Gambia Probes Link Between Child Deaths and a Paracetamol Syrup

Gambia Probes Link Between Child Deaths and a Paracetamol Syrup
A lab technician holds a bacteria culture that shows a positive infection of enterohemorrhagic E. coli, also known as the EHEC bacteria, from a patient at the University Medical Center Hamburg-Eppendorf in Hamburg, Germany, on June 2, 2011. (Sean Gallup/Getty Images)
Reuters
9/8/2022
Updated:
9/8/2022

BANJUL—Gambia’s government is investigating whether the deaths of dozens of young children from kidney failure in recent months are linked to a paracetamol syrup, the head of the country’s health service said on Thursday.

A spike in cases of acute kidney injury among children under the age of five was detected in late July. As cases mounted, doctors began to suspect medicines could be involved.
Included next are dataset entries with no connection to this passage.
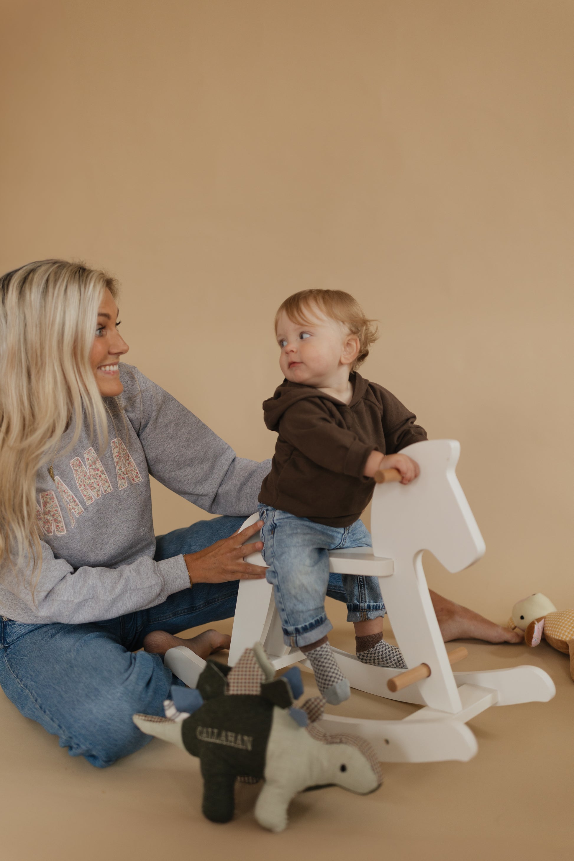 Our Memory Sweaters are custom-made using your baby’s clothing, carefully stitched to spell “Mama,” “Grandma,” “Auntie,” “Nana” or whatever you'd like across a cozy, everyday sweater. Each letter is created from the outfits that hold your most cherished memories — first cuddles, first steps, and all the little moments in between — transforming them into something you can wear and hold close.
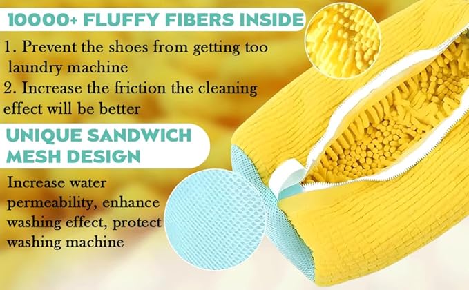 - 【360° Mesh Shoe Washing Bags】: Safely clean your sneakers, athletic shoes, and casual footwear with our reusable shoe washing bags. Designed for both washers and dryers, these bags feature a 360° mesh design that allows thorough cleaning while protecting your shoes from damage. The self-locking zipper ensures a secure wash, and the soft chenille fibres inside prevent scratches. Perfect for canvas, mesh, and synthetic materials, these bags make shoe cleaning effortless and effective.
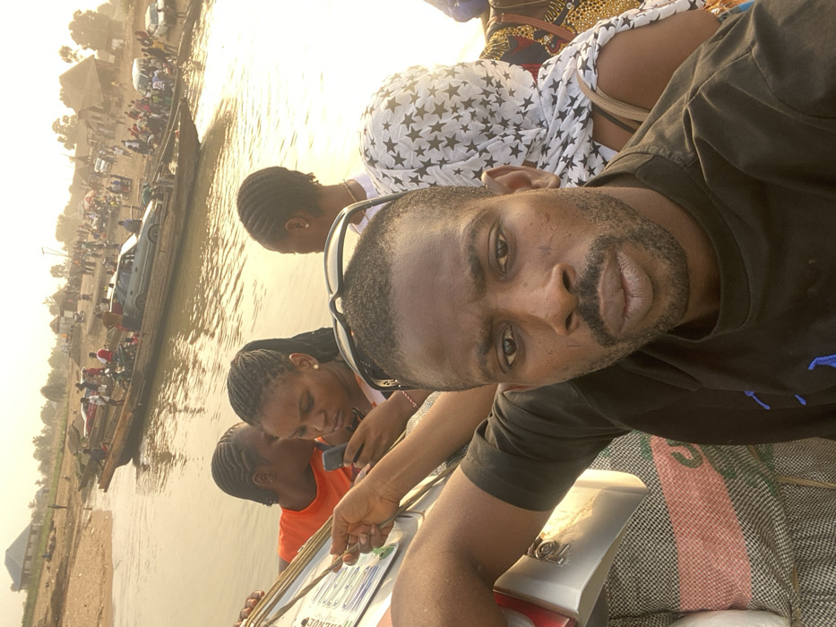 A man takes a selfie in what appears to be a boat or ferry, with other passengers visible in the background. A crowd of people and vehicles, including a car, are visible on land in the distance. The man wears a black shirt and has sunglasses on his head. Two women stand beside him looking at a license plate. The surroundings suggest a riverside or lake setting, with a dusty or sandy shoreline visible on the horizon.
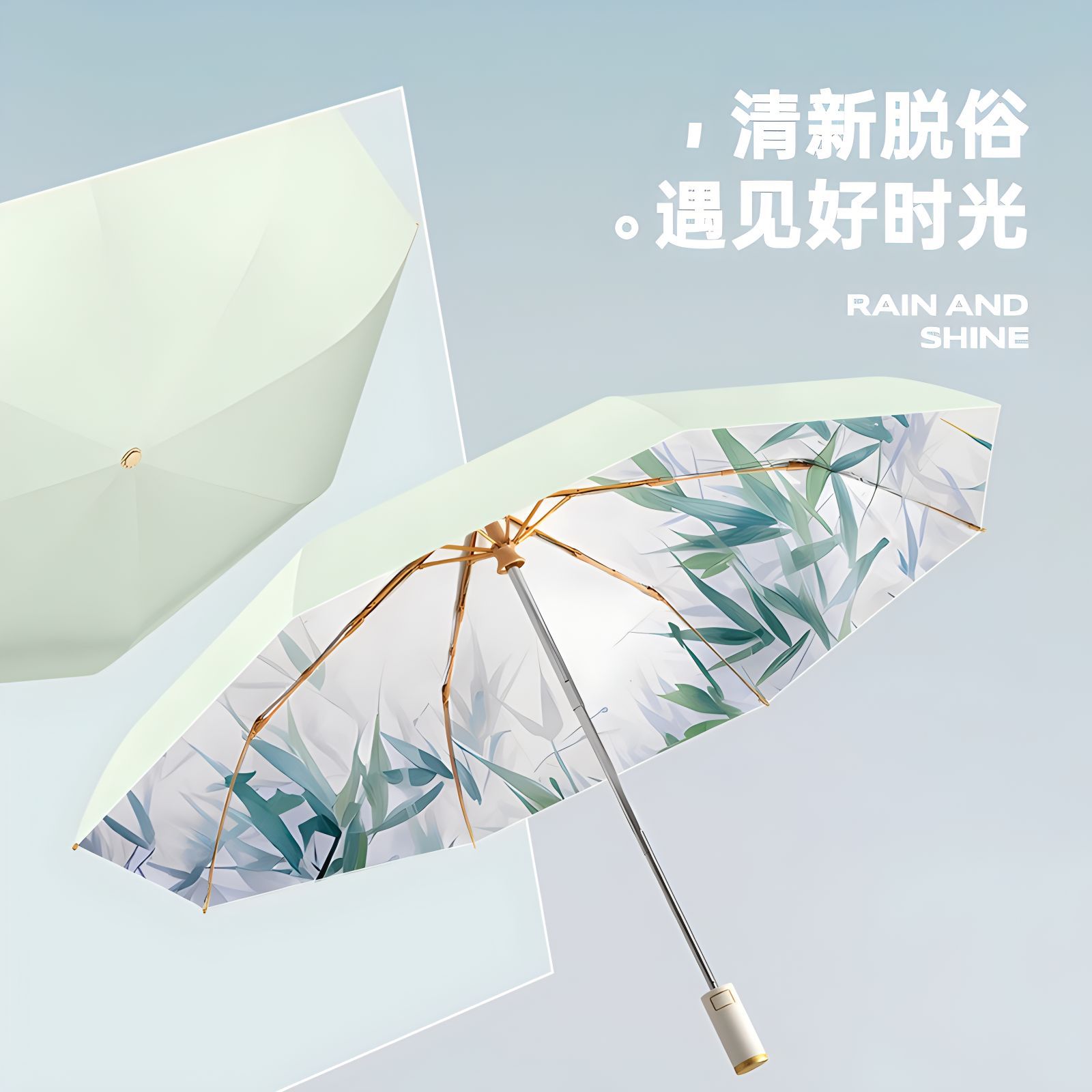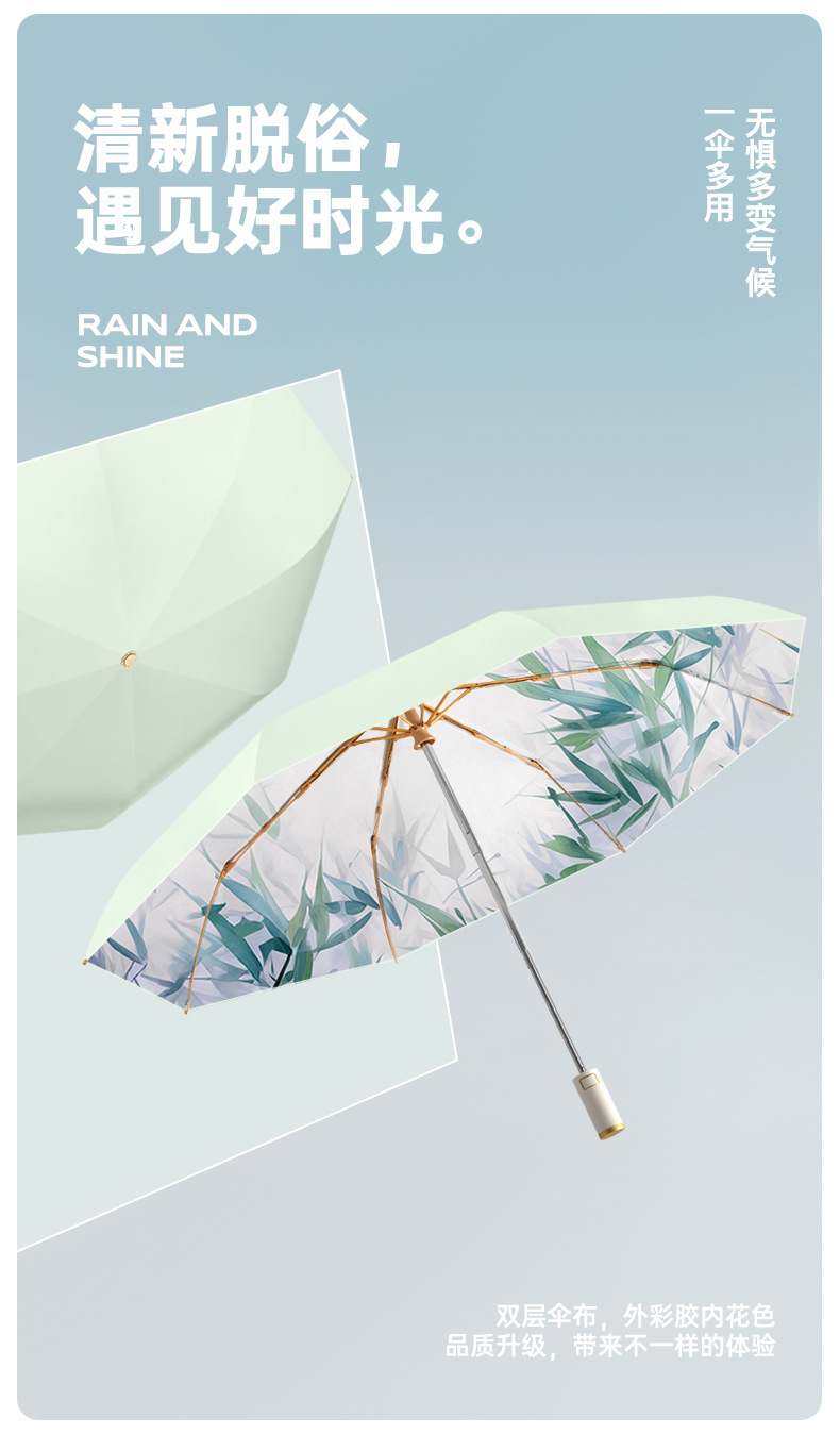 triple automatic umbrella double-deck umbrella aluminum alloy skeleton-golden silk bamboo stone

Gambia’s director of health services, Mustapha Bittaye, told Reuters that a number of patients began to fall ill with kidney problems three to five days after taking a paracetamol syrup sold locally. It was not yet clear if any particular brand of paracetamol was under investigation.

E. coli bacteria was also a possible cause, Bittaye said.

Symptoms suffered by the children included an inability to pass urine and a fever that can within hours end in kidney failure.

By early August, 28 children had died, according to health ministry figures, for a fatality rate of nearly 90 percent. The number of fatalities is now much higher, said Bittaye.

An official updated tally is expected in the coming days.

“Dozens of children have died in the last three months,” Bittaye told Reuters by phone. “Autopsies suggest the possibility of paracetamol.”

In a statement last week, health authorities said that this kind of illness often has more than one cause.

E. coli bacteria could also be a possible cause as heavy rains have caused flooding in Gambia, and across much of West Africa, in recent weeks. The unpaved streets of the capital Banjul and surrounding towns have been overwhelmed.

The use of open pit latrines and open drinking wells in urban centers can lead to the contamination of drinking water and contribute to a spread in waterborne illnesses like E. coli, health workers said.